As to the content of the film, roughly the first 30-40 minutes cover Fred Leuchter's younger years, his experiences working at a Massachusetts prison alongside his father and also his nascent career as a budding technician. Most of the film is constructed either by using previously existing amateur footage (some of it obviously Fred's) or through interviews carried out by Morris. However, there are other instances where a double is used for certain re-enactments. We have, for example, both at the beginning of the film and at its conclusion, a view of Fred's double entering an exotic window-paned elevator, with electric discharges eddying to and fro, lending both the aura of the mysterious and the comical. One imagines this might have been done to entertain science-fiction enthusiasts, or was possibly just an ill-advised mélange of the theatrical with the documentary. Then too, it might have been Morris' way of suggesting Leuchter's efforts were science-fiction.
We get this impression from other such juxtapositions. For example, Morris provides Leuchter an opportunity to express genuine concerns for humane means of carrying out the death sentence, citing his preference for electrocution over what then prevailed at Tennessee State Penitentiary. However, accompanying these comments is footage from an 1898 film showing a full-grown elephant being electrocuted by Thomas A. Edison. Whether Morris wanted a curiously gripping demonstration or was countering with a statement on the ultimate barbarity of electrocution is up for grabs.
But now after the warm-up we come to the crux of the matter: “The Trial of Ernst Zündel.” We are shown Zündel the activist, then a Zündel who is rather well-dressed and comfortable. The interview is non-confrontational and strictly informational. Zündel points out for instance, that Leuchter was his only hope, that he was the only known expert on execution by poison gas. Of course earlier, during the preliminary part of the film, we were given the impression Leuchter got involved with gas only by accident, merely on the strength of his credibility in other execution-related work. We learn that it was not coincidental that Fred Leuchter was an American, for America, curiously, was the only country in the world which still dispatched persons by these means. Nevertheless, it was no easy matter finding a gas expert, for as Zündel poignantly makes clear: you don't just look one up in the phone book! Those who know the full story will probably be disappointed that there is no mention of Robert Faurisson's role in identifying Leuchter through the recommendation of Missouri State Penitentiary warden Bill Armontrout. There is undoubtedly a reason for this, and we shouldn't automatically suspect it is because Morris didn't want to add to his burdens too many Revisionists.
With a motive established, Fred and company, including his new wife Carolynn,[2] travel to Poland.

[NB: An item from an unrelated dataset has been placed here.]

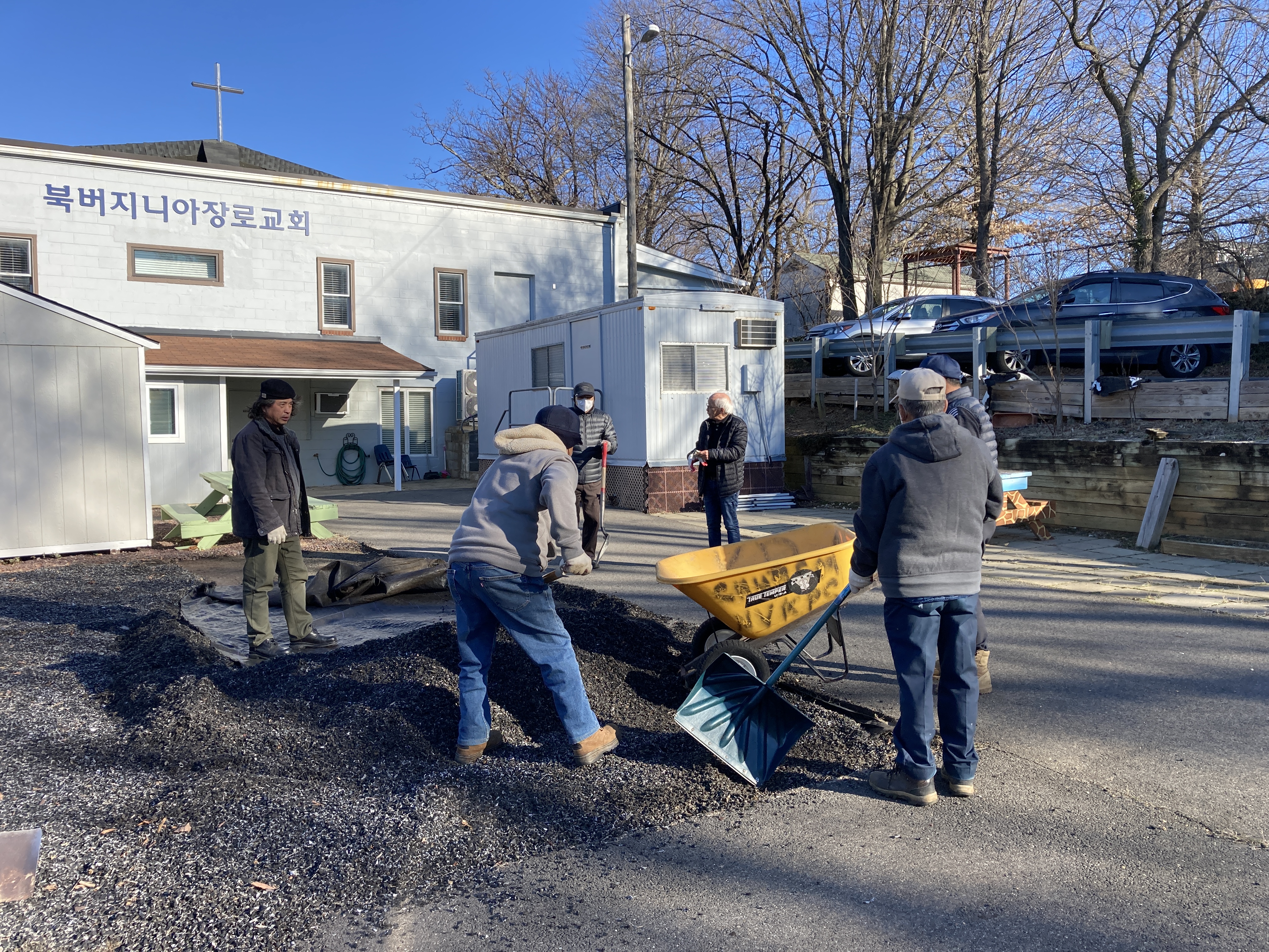 많은 분들이 모여서 놀이터 작업을 진행했습니다.

Morris, however, in another theatrical twist, inserts black and white footage as if we are looking out an aircraft window on what possibly is a view of the city of Krakow, occupied Krakow that is, with swastika flags billowing from its rooftops.
Morris shows us Leuchter's work at Auschwitz-Birkenau by means of out-takes from the latter's own amateur video (is Morris paying royalties?). One sees, for example, Fred taking samples from the walls of Krema I at Auschwitz proper, and if one pays close attention, you can discern that a potentially valid criticism leveled by chemist James Roth later in the film is thereby somewhat mitigated. This is done not in words but in deeds by capturing the nature of samples Fred took from this protected site: broad rather than deep. Remember that: broad rather than deep. This cogent fact becomes rather crucial.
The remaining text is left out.